Originally published on andrew.ooo — visit the original for any updates, code snippets that aged out, or follow-up posts.

TL;DR

Rmux is a from-scratch Rust rewrite of the terminal multiplexer idea, built specifically for the agentic era. It hit Show HN on May 21, 2026, posted by author shideneyu with the tagline "A programmable terminal multiplexer with a Playwright-style SDK" — and the framing landed. The pitch in one sentence: drop-in tmux compatibility (90 commands, your keybindings work), plus a typed async Rust SDK on the same daemon so agents and scripts can drive any CLI or TUI app the way Playwright drives a browser.

Key facts:

  • v0.2.0 released May 18, 2026 (3 days before Show HN), MIT/Apache-2.0 dual-licensed
  • 90 tmux-compatible CLI commands implemented — new-session, split-window, send-keys, attach-session, etc.
  • Typed Rust SDK (rmux-sdk on crates.io) with stable pane IDs, structured snapshots, locator-style waits
  • Native on Linux, macOS, and Windows — uses Unix PTYs on *nix, real ConPTY on Windows (no WSL required)
  • ratatui-rmux widget for embedding live panes inside Ratatui TUI apps
  • #![forbid(unsafe_code)] in upper-level crates, OS boundary code isolated in runtime crates
  • Single daemon behind both surfaces — anything the CLI can do, the SDK can do, and vice versa
  • Limitations: fresh public preview, "bugs are expected" per the README, scriptable plugin/scripting system not yet broken out, no Lua/scripting parity with tmux configs

If you've ever written a flaky tmux send-keys + tmux capture-pane | grep loop to babysit a long-running tool from a script — or had an SSH session die and lose a Claude Code or Codex run — Rmux is the most principled fix shipped in 2026 so far.

What Rmux Actually Is

The author, shideneyu on GitHub and HN, explained the origin in the Show HN thread:

"RMUX started from a frustration: I've used tmux for years and got tired of scraping output with grep and sleeps to automate anything. So I rebuilt the multiplexer from scratch in Rust, with a programmable layer on top."

That's the core insight.
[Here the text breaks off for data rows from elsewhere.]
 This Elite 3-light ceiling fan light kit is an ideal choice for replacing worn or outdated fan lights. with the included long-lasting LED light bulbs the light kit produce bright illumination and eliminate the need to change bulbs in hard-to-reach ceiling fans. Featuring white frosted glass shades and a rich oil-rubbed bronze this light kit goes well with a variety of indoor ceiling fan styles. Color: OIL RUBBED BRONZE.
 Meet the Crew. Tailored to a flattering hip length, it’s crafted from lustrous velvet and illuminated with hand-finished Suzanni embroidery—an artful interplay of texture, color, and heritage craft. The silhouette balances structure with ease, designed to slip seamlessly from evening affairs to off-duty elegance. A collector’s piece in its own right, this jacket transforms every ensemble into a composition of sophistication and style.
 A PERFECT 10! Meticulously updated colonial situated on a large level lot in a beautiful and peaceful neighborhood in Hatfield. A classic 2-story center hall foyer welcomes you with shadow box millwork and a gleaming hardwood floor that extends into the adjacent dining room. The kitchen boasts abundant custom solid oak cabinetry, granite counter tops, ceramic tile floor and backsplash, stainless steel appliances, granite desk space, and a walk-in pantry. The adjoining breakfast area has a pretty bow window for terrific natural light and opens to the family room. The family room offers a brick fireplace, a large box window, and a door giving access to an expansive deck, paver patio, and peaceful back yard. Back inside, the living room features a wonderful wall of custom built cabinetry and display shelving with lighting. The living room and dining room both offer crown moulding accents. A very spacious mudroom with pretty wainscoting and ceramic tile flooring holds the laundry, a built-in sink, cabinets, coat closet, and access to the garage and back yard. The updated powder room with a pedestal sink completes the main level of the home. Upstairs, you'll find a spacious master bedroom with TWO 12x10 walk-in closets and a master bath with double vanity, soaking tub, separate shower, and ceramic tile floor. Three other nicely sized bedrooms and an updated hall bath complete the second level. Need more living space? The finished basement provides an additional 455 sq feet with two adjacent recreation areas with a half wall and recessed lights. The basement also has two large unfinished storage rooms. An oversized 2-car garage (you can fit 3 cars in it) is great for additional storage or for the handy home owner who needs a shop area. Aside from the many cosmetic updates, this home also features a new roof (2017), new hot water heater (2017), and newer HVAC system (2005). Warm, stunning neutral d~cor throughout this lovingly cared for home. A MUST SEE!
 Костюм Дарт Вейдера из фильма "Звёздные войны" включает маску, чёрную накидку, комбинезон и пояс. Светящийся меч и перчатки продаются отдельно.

Tmux is wonderful for humans and brittle for machines. The moment you try to automate — wait for a build to finish, send input only after a prompt appears, scrape a value out of top — you end up writing sleep 3 && capture-pane -p | tail -n 20 | grep ... and praying.

Rmux's answer is two parallel surfaces on top of one daemon:

1. The CLI surface (rmux binary): looks and acts like tmux. All 90 of the most-used tmux commands are implemented, your muscle memory works, your .tmux.conf-style keybindings carry over. You can drop it in.

2. The SDK surface (rmux-sdk crate): a typed async Rust API that talks to the same daemon over a local socket. Sessions and panes are first-class objects with stable IDs. You get wait_for_text("ready") instead of sleep && grep. Structured PaneSnapshot objects (rows, cols, attributes) instead of raw escape-sequence soup. This is the "Playwright for terminals" part.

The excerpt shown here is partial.